*** Excerpted data ***

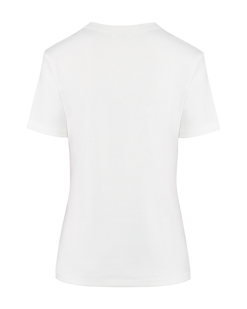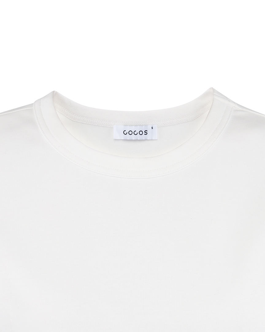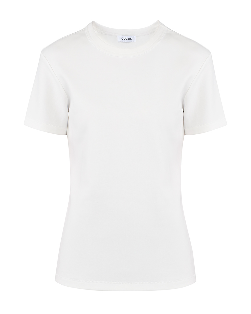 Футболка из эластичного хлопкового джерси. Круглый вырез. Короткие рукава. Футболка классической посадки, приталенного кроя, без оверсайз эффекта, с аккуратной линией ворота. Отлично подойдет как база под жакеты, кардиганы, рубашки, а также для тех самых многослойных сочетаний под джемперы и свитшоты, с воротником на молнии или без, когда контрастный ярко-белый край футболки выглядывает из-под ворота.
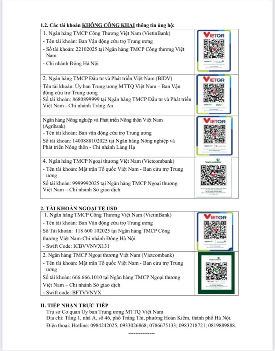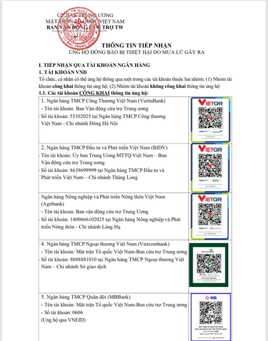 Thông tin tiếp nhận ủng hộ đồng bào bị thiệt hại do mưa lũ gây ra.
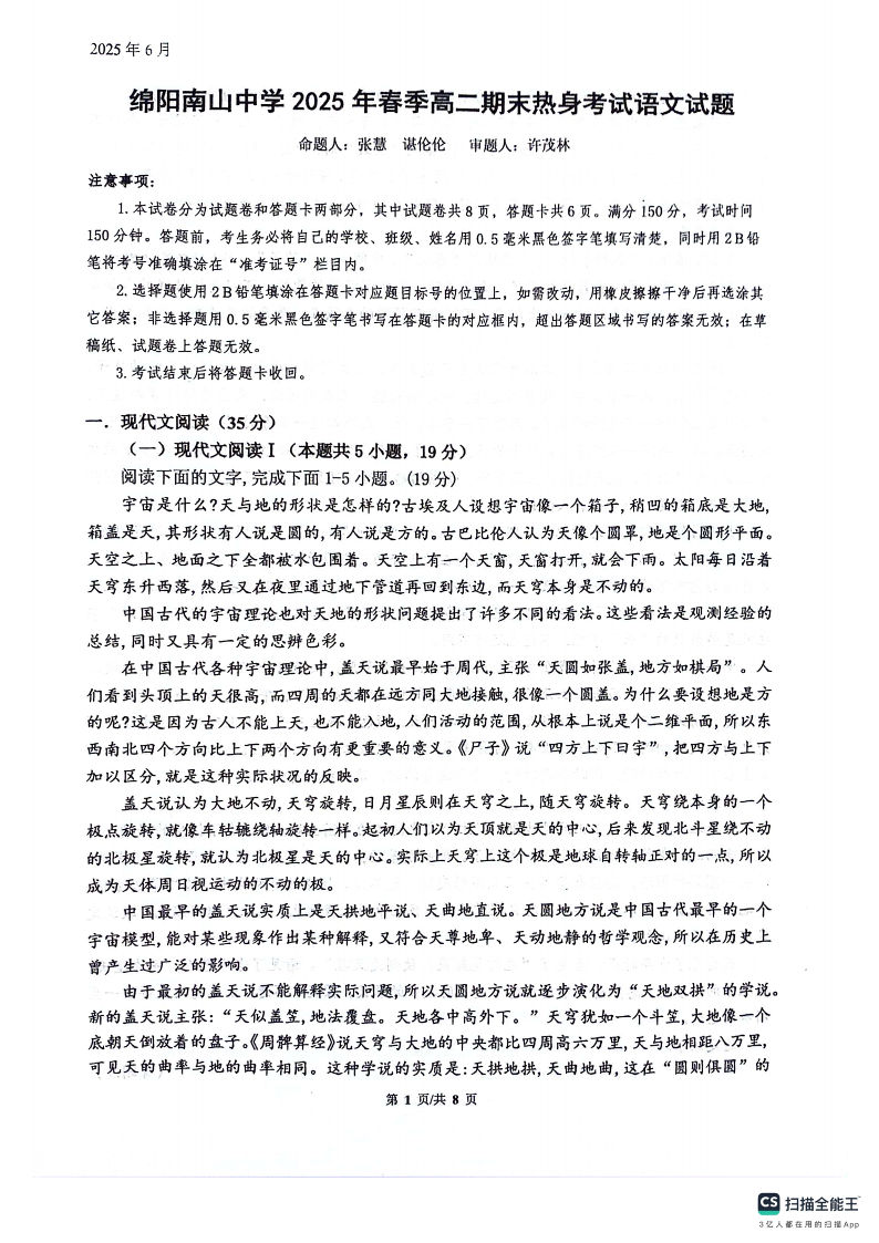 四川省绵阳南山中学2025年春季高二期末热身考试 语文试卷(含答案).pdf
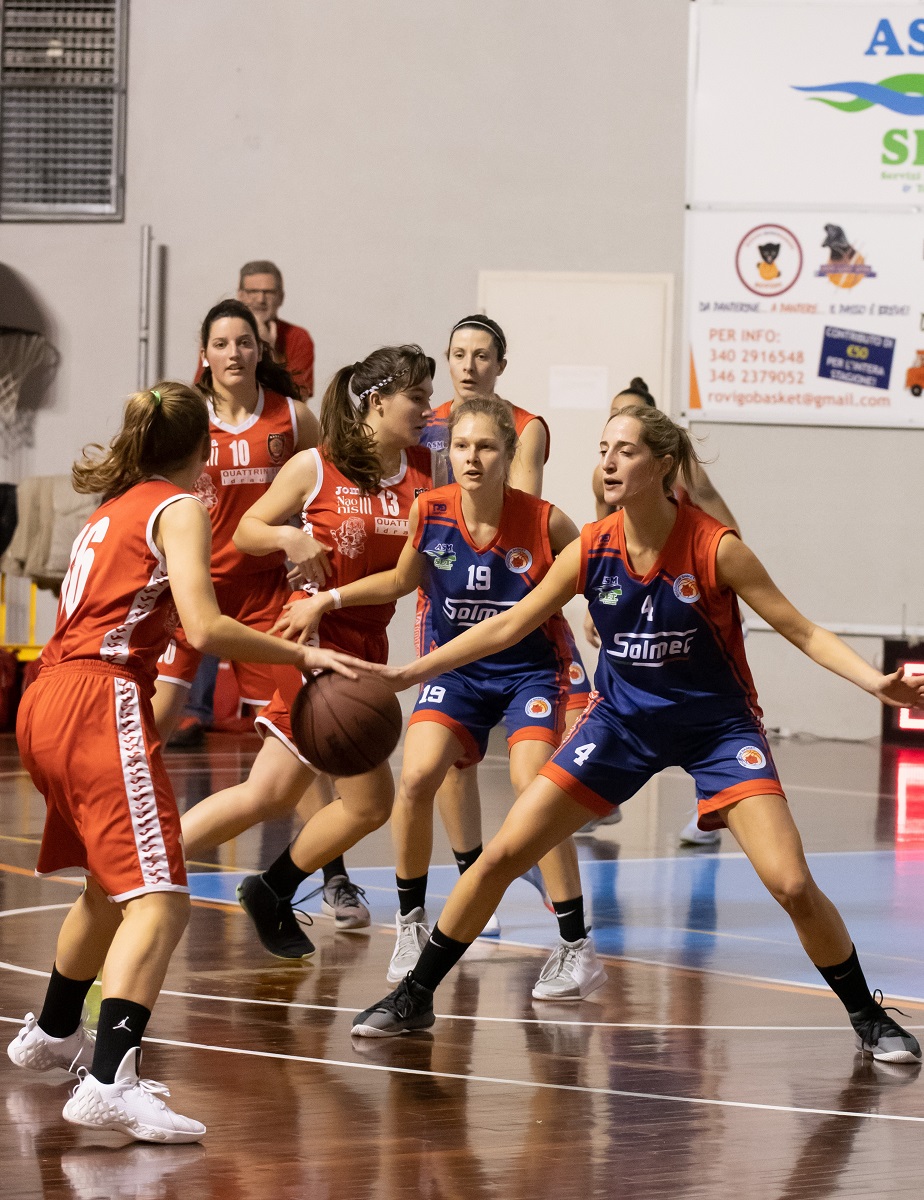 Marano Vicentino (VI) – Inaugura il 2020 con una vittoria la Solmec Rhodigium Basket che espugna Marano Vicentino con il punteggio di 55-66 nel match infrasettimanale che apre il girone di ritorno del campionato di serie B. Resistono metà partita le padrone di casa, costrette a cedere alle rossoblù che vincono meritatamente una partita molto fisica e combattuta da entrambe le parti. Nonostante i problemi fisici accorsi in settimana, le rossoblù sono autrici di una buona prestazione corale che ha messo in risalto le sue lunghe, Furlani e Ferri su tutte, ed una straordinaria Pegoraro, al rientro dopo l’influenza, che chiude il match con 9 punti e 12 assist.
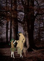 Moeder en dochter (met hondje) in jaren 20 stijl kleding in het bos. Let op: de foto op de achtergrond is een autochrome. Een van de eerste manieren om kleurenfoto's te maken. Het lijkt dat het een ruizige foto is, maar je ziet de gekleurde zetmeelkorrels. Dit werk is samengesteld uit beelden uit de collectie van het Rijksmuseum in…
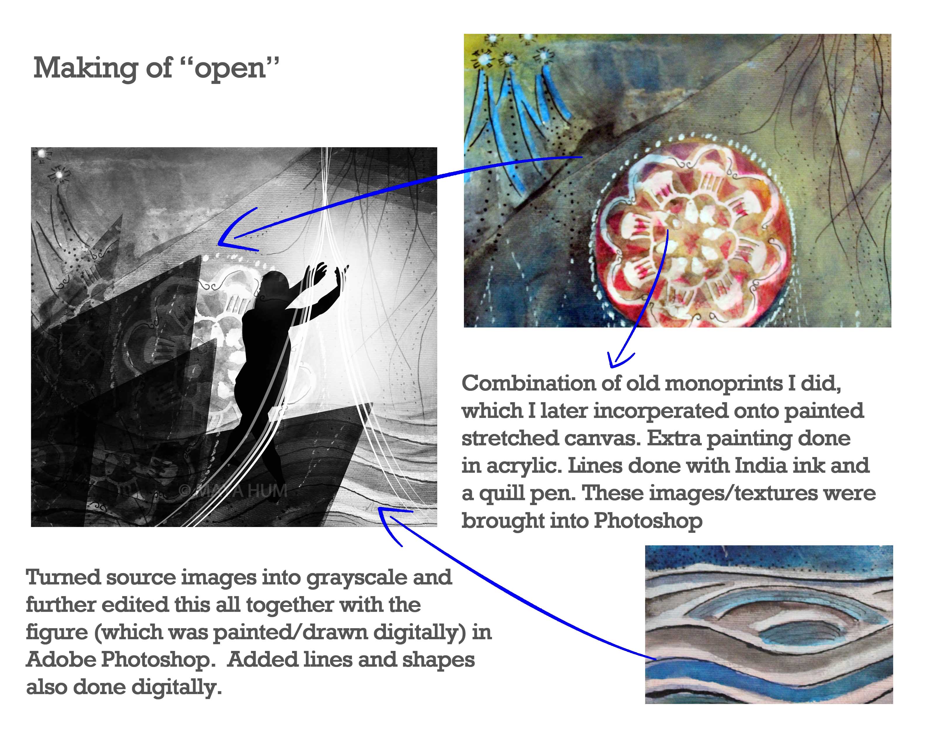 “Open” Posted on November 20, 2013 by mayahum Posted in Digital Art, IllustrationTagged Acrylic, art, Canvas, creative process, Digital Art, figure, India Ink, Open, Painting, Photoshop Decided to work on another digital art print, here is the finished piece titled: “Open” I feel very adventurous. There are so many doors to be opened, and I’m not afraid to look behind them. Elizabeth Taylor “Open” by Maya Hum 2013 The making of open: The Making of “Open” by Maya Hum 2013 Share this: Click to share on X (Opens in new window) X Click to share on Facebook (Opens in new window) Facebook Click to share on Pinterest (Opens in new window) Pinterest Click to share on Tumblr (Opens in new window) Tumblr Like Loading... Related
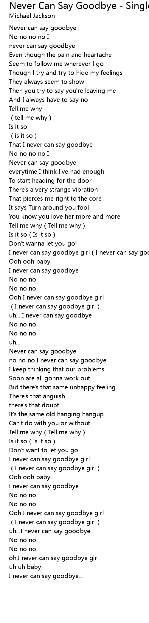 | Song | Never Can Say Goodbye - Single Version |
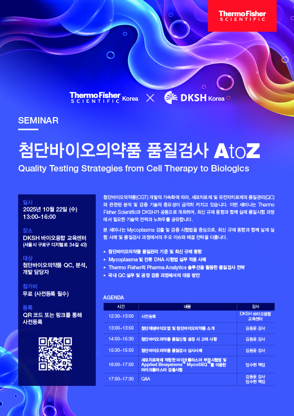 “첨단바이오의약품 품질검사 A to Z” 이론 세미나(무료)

*** End of Excerpted data ***

* [What you are asked to do] Exactly as written, print each entry, leaving all pictures out.

* [Your solution]
 Футболка из эластичного хлопкового джерси. Круглый вырез. Короткие рукава. Футболка классической посадки, приталенного кроя, без оверсайз эффекта, с аккуратной линией ворота. Отлично подойдет как база под жакеты, кардиганы, рубашки, а также для тех самых многослойных сочетаний под джемперы и свитшоты, с воротником на молнии или без, когда контрастный ярко-белый край футболки выглядывает из-под ворота.
 Thông tin tiếp nhận ủng hộ đồng bào bị thiệt hại do mưa lũ gây ra.
 四川省绵阳南山中学2025年春季高二期末热身考试 语文试卷(含答案).pdf
 Marano Vicentino (VI) – Inaugura il 2020 con una vittoria la Solmec Rhodigium Basket che espugna Marano Vicentino con il punteggio di 55-66 nel match infrasettimanale che apre il girone di ritorno del campionato di serie B. Resistono metà partita le padrone di casa, costrette a cedere alle rossoblù che vincono meritatamente una partita molto fisica e combattuta da entrambe le parti. Nonostante i problemi fisici accorsi in settimana, le rossoblù sono autrici di una buona prestazione corale che ha messo in risalto le sue lunghe, Furlani e Ferri su tutte, ed una straordinaria Pegoraro, al rientro dopo l’influenza, che chiude il match con 9 punti e 12 assist.
 Moeder en dochter (met hondje) in jaren 20 stijl kleding in het bos. Let op: de foto op de achtergrond is een autochrome. Een van de eerste manieren om kleurenfoto's te maken. Het lijkt dat het een ruizige foto is, maar je ziet de gekleurde zetmeelkorrels. Dit werk is samengesteld uit beelden uit de collectie van het Rijksmuseum in…
 “Open” Posted on November 20, 2013 by mayahum Posted in Digital Art, IllustrationTagged Acrylic, art, Canvas, creative process, Digital Art, figure, India Ink, Open, Painting, Photoshop Decided to work on another digital art print, here is the finished piece titled: “Open” I feel very adventurous. There are so many doors to be opened, and I’m not afraid to look behind them. Elizabeth Taylor “Open” by Maya Hum 2013 The making of open: The Making of “Open” by Maya Hum 2013 Share this: Click to share on X (Opens in new window) X Click to share on Facebook (Opens in new window) Facebook Click to share on Pinterest (Opens in new window) Pinterest Click to share on Tumblr (Opens in new window) Tumblr Like Loading... Related
 | Song | Never Can Say Goodbye - Single Version |
 “첨단바이오의약품 품질검사 A to Z” 이론 세미나(무료)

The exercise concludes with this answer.